TOP STORY >> County judge stresses efficiency

Leader staff writer

Doug Erwin, a Republican, became Lonoke County Judge in January 2011 after defeating Charlie Troutman, the Democratic incumbent, in November 2010.

The county judge is by state law the chief executive officer for county government in Arkansas. In that role, the judge authorizes and approves the disbursement of all appropriated county funds, administers ordinances enacted by the quorum court, has custody of county property, accepts grants from federal, state, public and private sources, hires county employees except those employed by other elected officials of the county, and presides over the quorum court without a vote but with the power of veto.

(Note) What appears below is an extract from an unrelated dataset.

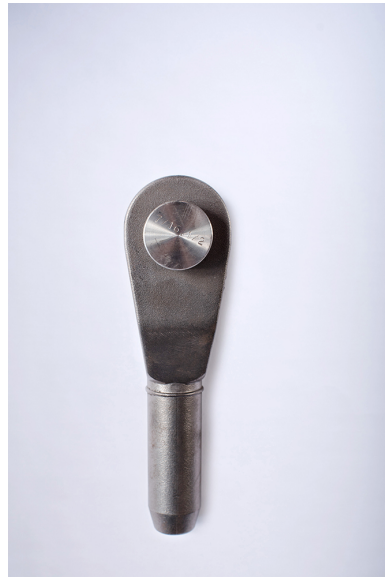
Socket Swage Open side

But county judges are perhaps best known for their responsibility for the county roads. They send out the crews that maintain the roads and they alone decide how the money in the road and bridge fund will be spent.

In Lonoke County, that fund contains about $5 million.

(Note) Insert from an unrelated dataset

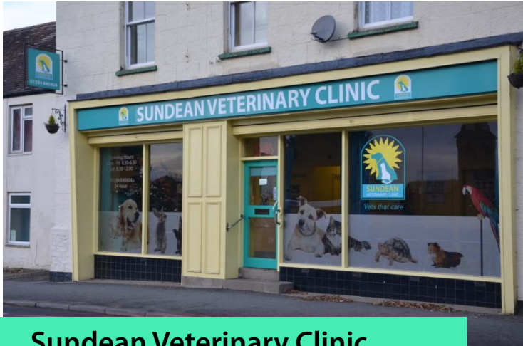
Sundeane Veterinary Clinic Gloucester

Erwin said this week in a prepared statement about his first year in office that it was a time of learning, challenge and change.

“This first year we have focused our attention on being more efficient with our taxpayers’ dollars,” Erwin said.

“We have used management techniques, transparency and accountability to improve efficiencies throughout the areas of the county the judge’s office is responsible for. And through the improved efficiencies we have been able to make the most use of every tax dollar spent.

“For example, by realigning duties and responsibilities and allowing our employees to work to their full potential we have saved over $140,000 this year in payroll cost as compared to the year before I took office.

“By allowing our county employees to utilize their skills, we have greatly reduced the use of outside contractors. That has saved the county over $1 million.”

Specifically, Erwin said in a phone interview that he cut road and bridge workers from about 30 to about 20 and the ones he has left are doing more than they did in the past.

“If the guys are going to work for me, they’re going to work,” Erwin explained.

“In the road department we have reduced monthly fuel bills by over $8,000 a month for almost $100,000 in savings this past year,” his said in his prepared statement.

How did he do that?

Erwin said that one of his first official acts on Jan. 3, 2011 was to stop his workers from driving their work trucks home at night. Then, he got rid of the bulk gas tank that all the workers had access to. Now the county buys gas from a local supplier one tankful at a time with gas cards that show who buys how much and when they buy it.

“Our decision to become a dues paying member of Metroplan has resulted in a net gain of almost $400,000 in additional revenue for the county,” Erwin said in his prepared statement.

Asked to elaborate, he said Lonoke County wasn’t paying its Metroplan dues when he took office and was not getting a share of the federal road money that Metroplan administers. He paid $14,000 for 2010 and $19,000 for 2011 and got $400,000 in exchange.

“I’ll trade that all day long,” he said.

Flooding from numerous storms damaged roads across the county and kept workers from concentrating on routine maintenance, he said in his statement.

But the county has secured more than $700,000 in federal aid to help pay some of the cost of repairing the storm damaged roads. And the hope is that routine maintenance will be the priority in 2012.

“I look forward to serving the citizens of Lonoke County in 2012,” he said in his statement. “This year I plan to continue the transparency and accountability that has given us the cost savings while still giving you the service you deserve. And as a major goal we plan to continue resurfacing of our roads, improving the shoulders and addressing the drainage issues throughout the county.

“Please feel free to offer me your thoughts for the county for the New Year,” he said.